Help to join separate lines in a single one from xml file

Ophiuchus · February 23, 2018, 1:02am

Hi all,

I need help to parse this xml file that has paragraphs broken in different lines and I would like to join in a single line.

I hope you can understand my explanation. Thanks for any help/direction.

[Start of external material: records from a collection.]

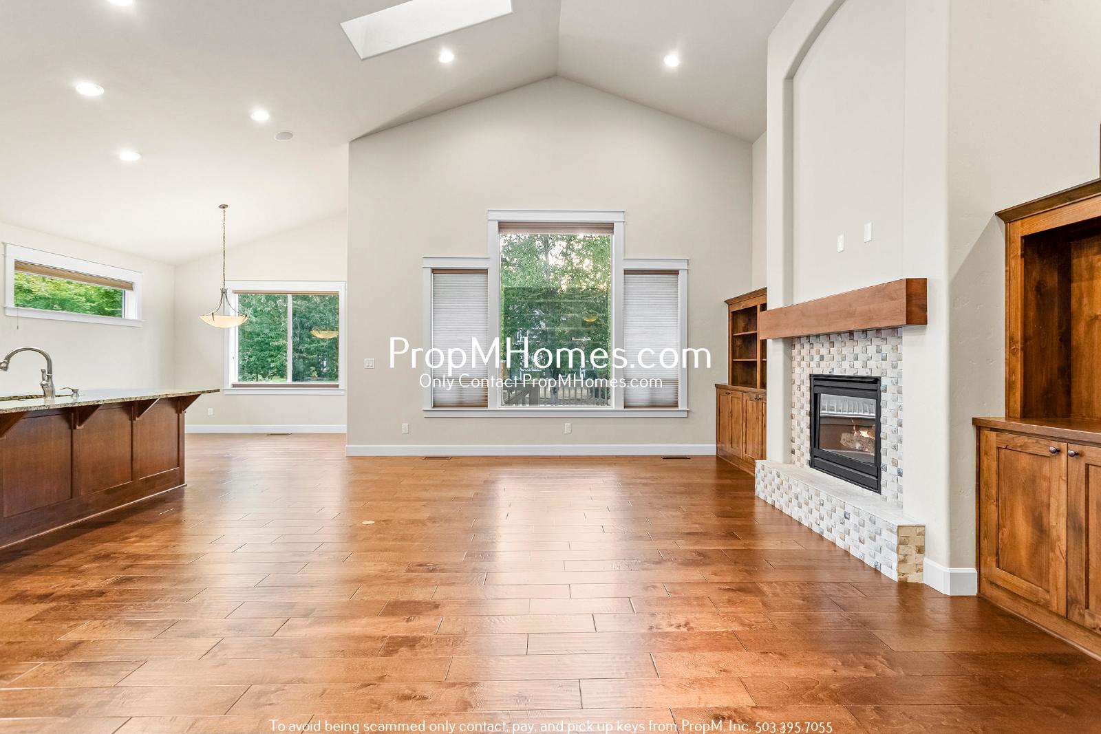 -Expansive open-concept living area with vaulted ceilings, hardwood floors, and gas fireplace with built-ins
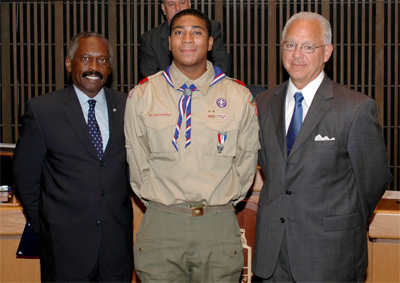 Eagle Scout Eric Crowell with Councilman Bob Weiner and Councilman Penrose Hollins - 8/25/2009
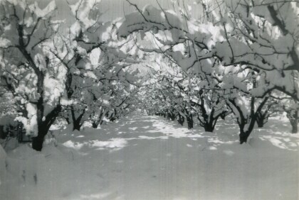 Snow storm at Shenley Orchard or neighbouring Cherry Orchard, Harewood
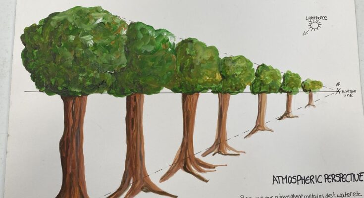 While linear perspective handles size and line convergence, atmospheric perspective explains how distance affects color, value, detail, and clarity due to the Earth’s atmosphere (dust, water vapor, haze).
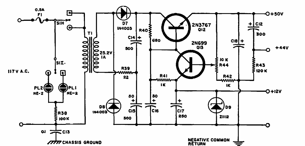 Esta fonte foi encontrada numa Electronics World de 1968. Os transistores são da época. A corrente de cada saída está limitada pelo transformador usado.
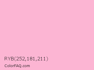 RYB 252,181,211 Color is a very light rose color and the nearest color is Cotton Candy #ffb7d5. Hex code #fcb5d3 and RGB value is rgb(252,181,211). In RGB color space, this color is composed of 99% red, 71% green, 83% blue, In CMYK color space, this color is composed of 0% cyan, 28% magenta, 16% yellow , 1% black , In HSL color space, this color has a hue angle of 335° , 92% saturation and 85% lightness.
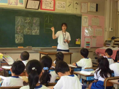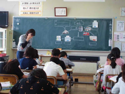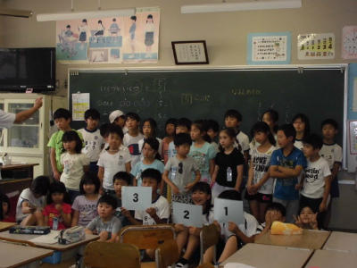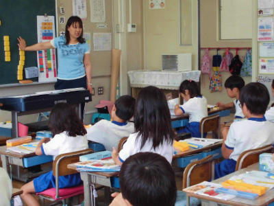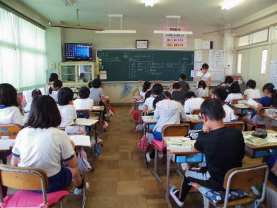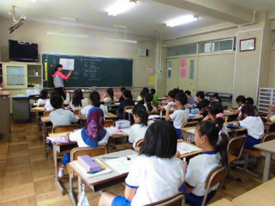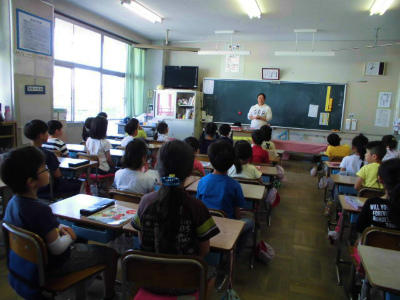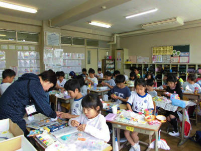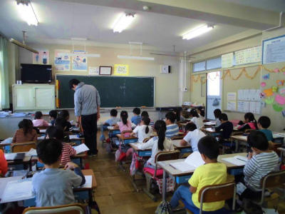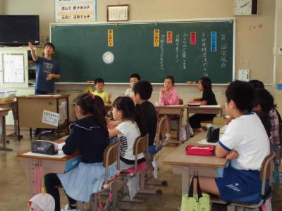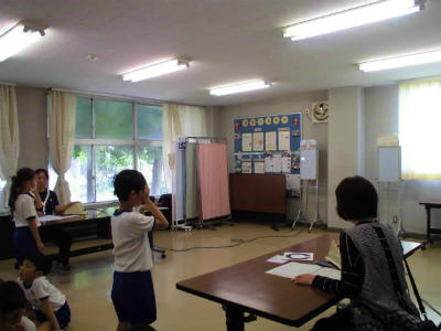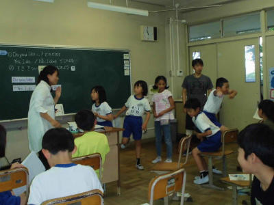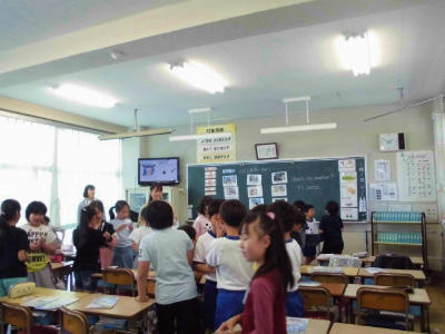 4年生 外国語活動 英語指導の先生も一緒です。英語が上手く使えたお友だちは嬉しそうです。
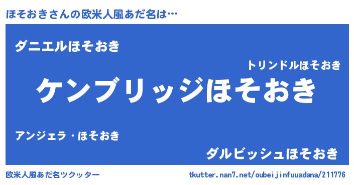 | 意味不明あだ名 | 『自称ほそおき』『永久保存ほそおき』 |
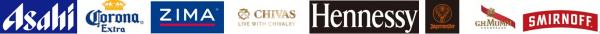 (アサヒビール・Corona Extra・ZIMA・CHIVAS・Hennessy・Jägermeister・G.H.マム・SMIRNOFF)
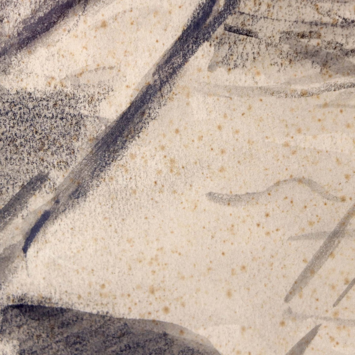 Indrammet akvarel og kultegning på papir i sortmalet træramme med bymotiv af Nellikestræde i Nørresundby fra år 1927

The script could be in bash, awk, ruby, perl whatever please

In the output I want:
The values with font=9 as initial line of each group
The 1st value with font=8 that is inmediately below of value with font=9, I want it as 2nd line of each group
The 2nd value with font=8 that is below of value with font=9, I want it as first column of each group
The values with font=10 I want them as second column of each group
And finally, join in a single line the values with font=8 that belong to the previous value of font=10

input

	<text top="333" left="98" width="93" height="16" font="9"><b>OS family </b></text>
	<text top="350" left="98" width="192" height="16" font="8">Unix pk1</text>
	<text top="368" left="98" width="12" height="16" font="8">1 </text>
	<text top="365" left="112" width="5" height="11" font="10">1</text>
	<text top="368" left="118" width="308" height="16" font="8"> originally meant to be a </text>
	<text top="365" left="427" width="5" height="11" font="10">2</text>
	<text top="368" left="433" width="4" height="16" font="8"> </text>
	<text top="385" left="98" width="339" height="16" font="8">convenient platform</text>
	<text top="402" left="98" width="339" height="16" font="8"> for programmers</text>
	
	<text top="333" left="98" width="93" height="16" font="9"><b>Source model </b></text>
	<text top="350" left="98" width="192" height="16" font="8">Unix pk2</text>
	<text top="368" left="98" width="12" height="16" font="8">2 </text>
	<text top="365" left="112" width="5" height="11" font="10">1</text>
	<text top="368" left="118" width="308" height="16" font="8">Historically </text>
	<text top="368" left="118" width="308" height="16" font="8">closed-source </text>
	<text top="365" left="427" width="5" height="11" font="10">2</text>
	<text top="368" left="433" width="4" height="16" font="8"> </text>
	<text top="385" left="98" width="339" height="16" font="8">, while some Unix</text>
	<text top="402" left="98" width="339" height="16" font="8"> projects (including BSD family and Illumos)</text>
	<text top="402" left="98" width="339" height="16" font="8"> are open-source.</text>
	<text top="402" left="98" width="339" height="16" font="8"> Development started in 1969.</text>
	<text top="365" left="427" width="5" height="11" font="10">3</text>
	<text top="402" left="98" width="339" height="16" font="8">this is</text>
	<text top="402" left="98" width="339" height="16" font="8"> last paragraph.</text>

desired output

	OS family
	Unix pk1
	1 1 originally meant to be a
	1 2 convenient platform for programmers
	
	Source model 
	Unix pk2
	2 1 Historically closed-source 
	2 2 , while some Unix projects (including BSD family and Illumos) are open-source. Development started in 1969.
	2 3 this is last paragraph.

Don_Cragun · February 23, 2018, 2:12am

As always, it helps if we know what operating system you're using and what you have tried to solve this problem on your own.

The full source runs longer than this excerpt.